Active learning

mq only model

Finite attributes around. Exact learning using only membership queries (mq). Scenario: Robot explores labyrinth.

Constrained instance oracle for f: Takes partial assignment P and prediction b, if possible, extends P to a complete assignment A such that f(A) = 1-b.

Lower bound: By information theory, atleast $\log |C|$ mq needed.

ae learning

Monotone functions

Learnability in mq only model does not always imply ae learnability for deterministic algorithms.

But, implied for monotone functions. Pf: Let constrained instance oracle be simulated using $t($n$,r,|c|)$ mq. Make mq only algorithm with $q($n$,|c|)$ bound, get mq algorithm with $2(r+1)t($n$,r,|c|)q($n$,|c|)+r(\log n+1)$ bound. Use the MBQ algorithm to aeMBQ algorithm conversion, but use this trick to find relevant vars: When mq is made on partial assignment P to N, extend P to A, find c(A), use constrained instance query oracle to find an assignment B with $c(B)\ne c(A)$. t($n$,r, |c|) for monotone functions is a constant.

Parity fn

To learn any parity fn f, n linearly independent mq are both necessary and sufficient: Consider the $G{F}_2$ representation of parity funcitons and assignments in Boolean fn ref.

But, rand algorithm can strongly ae learn: Simulate constrained instance oracle by uniformly sampling assignments to unassigned variables and making mq’s with them.

mq and eq model

Learning DFA with membership queries

Keep / update a binary classification tree: leaves are states in actual DFA denoted by access strings; internal nodes are distinguishing strings which lead to accptence from one bunch of states and rejection from another.

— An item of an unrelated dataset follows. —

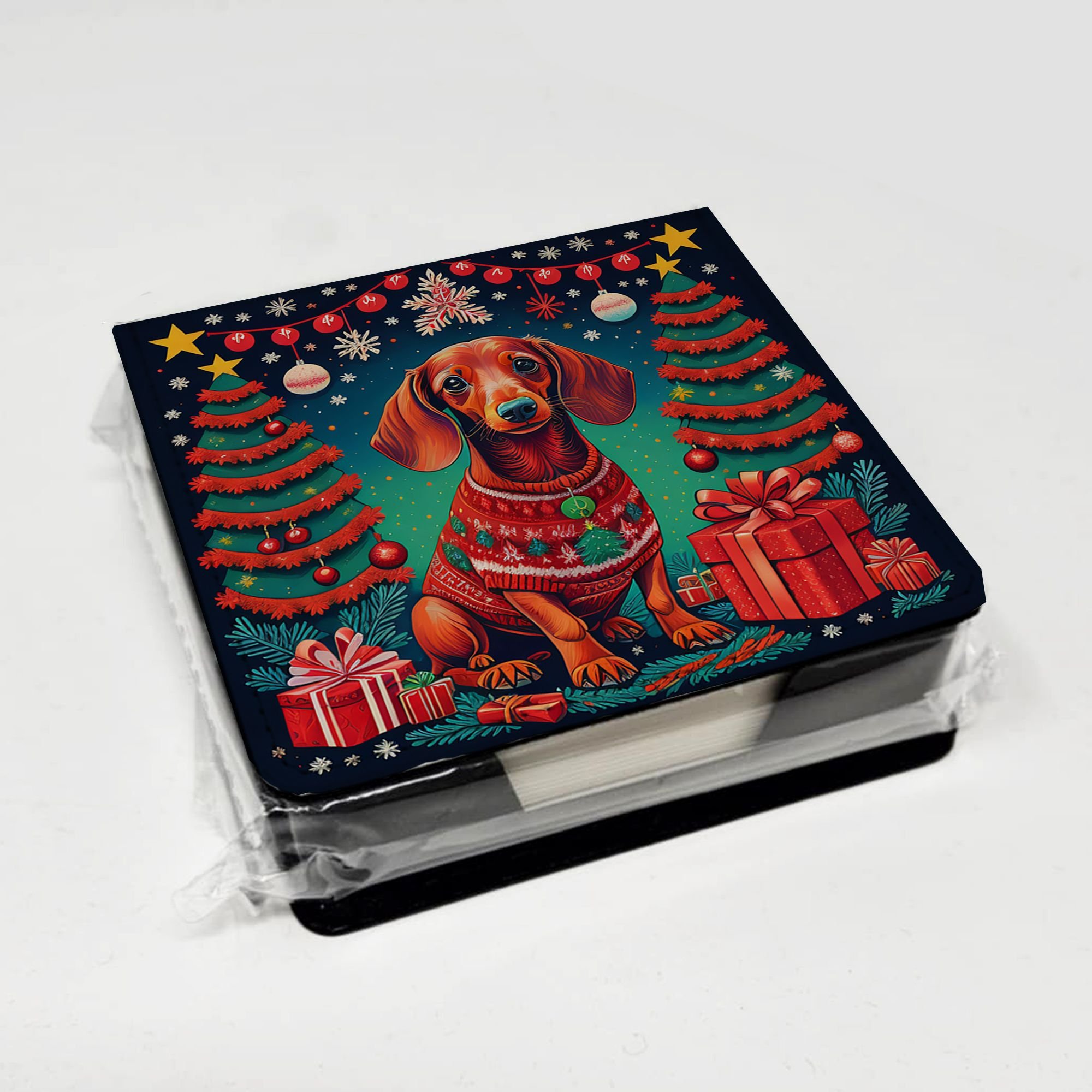 PU Leather Note Paper Holder featuring breed specific Dachshund artwork. Celebrate Christmas with this Christmas Note Paper Holder. Elevate your workspace with this PU Leather Note Paper Holder, crafted to resemble luxurious leather without the use of animal products. Made from durable synthetic PU leather, it offers both a premium look and eco-friendly appeal. This note holder, compactly sized at 4.25 x 4.25 x 1.25 inches, includes about 160 sheets of 3.75 x 3.75-inch note paper—ideal for quick notes and reminders. An exclusive artist-designed cover makes each holder uniquely vibrant, adding a splash of color and personality to any desk or office. The discrete design keeps note paper hidden, maintaining a neat and organized workspace. Perfect as a gift or for personal use, this stylish holder is refillable with standard paper, ensuring long-lasting utility. A must-have for anyone seeking a sophisticated, artful touch to their workspace while supporting animal-friendly products. Add style, organization, and creativity to your everyday routine with this elegant note paper holder.

Make hypothesis DFA thence: sift access string + alphabet + dist. string; Use equivalence queries to get counterexample; simulate prefixes of counterexample in both hypothesis DFA and using membership queries with distinguishing strings in classification tree to distinguish some new state; repeat.

(\textbf{Myhill-Nerode}) So, minimal DFA unique!

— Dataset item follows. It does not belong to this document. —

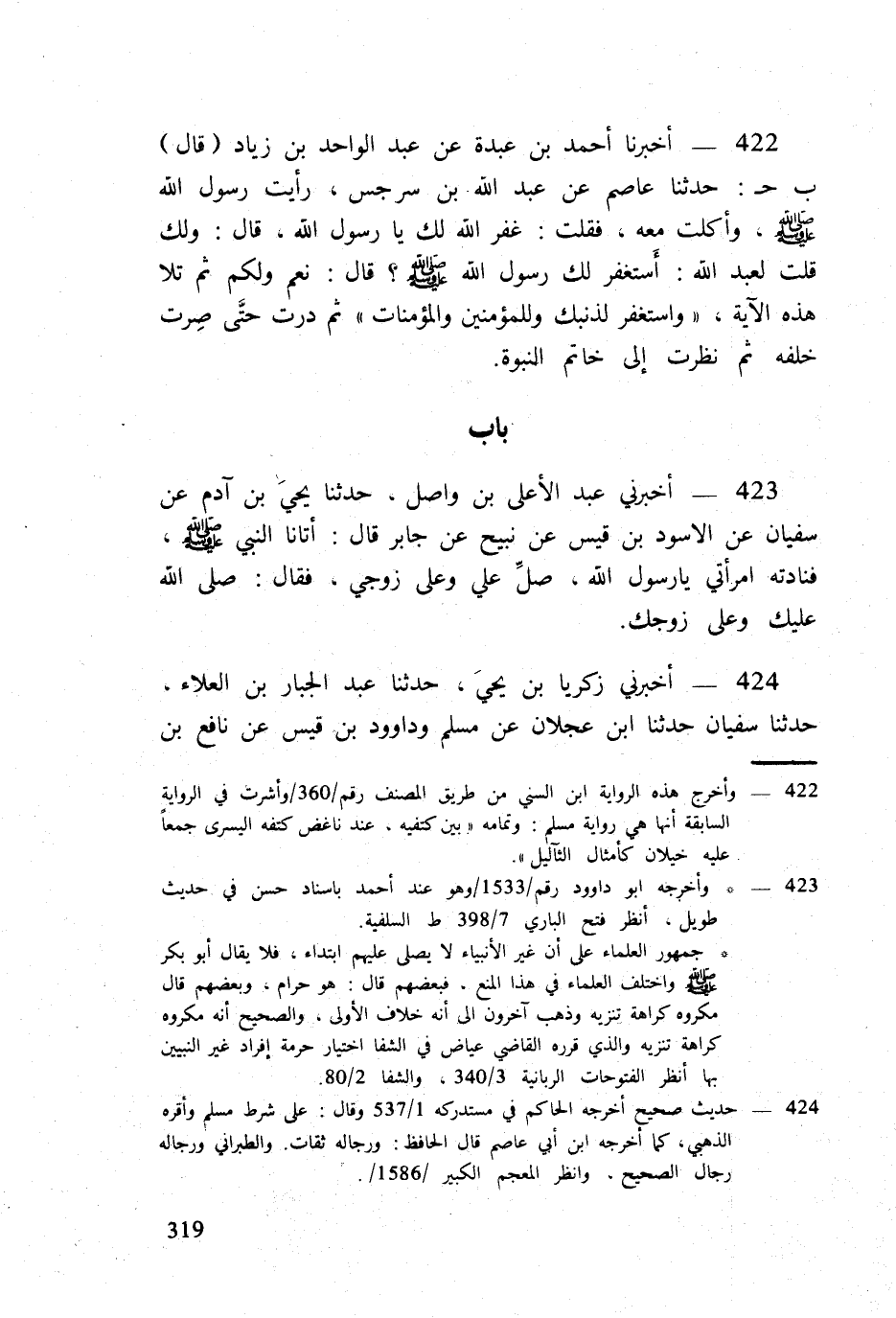 422 - أخبرنَا أَحْمد بن عَبدة عَن عبد الْوَاحِد بن زِيَاد (قَالَ) ب ح حَدثنَا عَاصِم عَن عبد الله بن سرجس رَأَيْت رَسُول الله صلى الله عَلَيْهِ وَسلم وأكلت مَعَه فَقلت غفر الله لَك يَا رَسُول الله قَالَ

Learning without reset, using homing sequence h

Only strongly connected component learnt. Run algorithm in parallel with many start states; For every membership query, execute h first to return to some state; awaken the right algorithm; run the reminder of the pending membership query and other processing.

Find homing sequence h

\textbf{Homing sequence in a DFA}: A string executed on DFA gives a sequence of outputs (+/-); if homing sequence, output sequence determines destination state irrespective of output.

Start with empty h; run no-reset learning algorithm to get a generalized binary classification tree (root can be one of states corresponding to some output sequence for h); if tree outgrows size(DFA) use randomization to find equivalent states: access string1 + dist str and string1 + dist str yield same result (accept / reject); append their distinguishing string to h; repeat.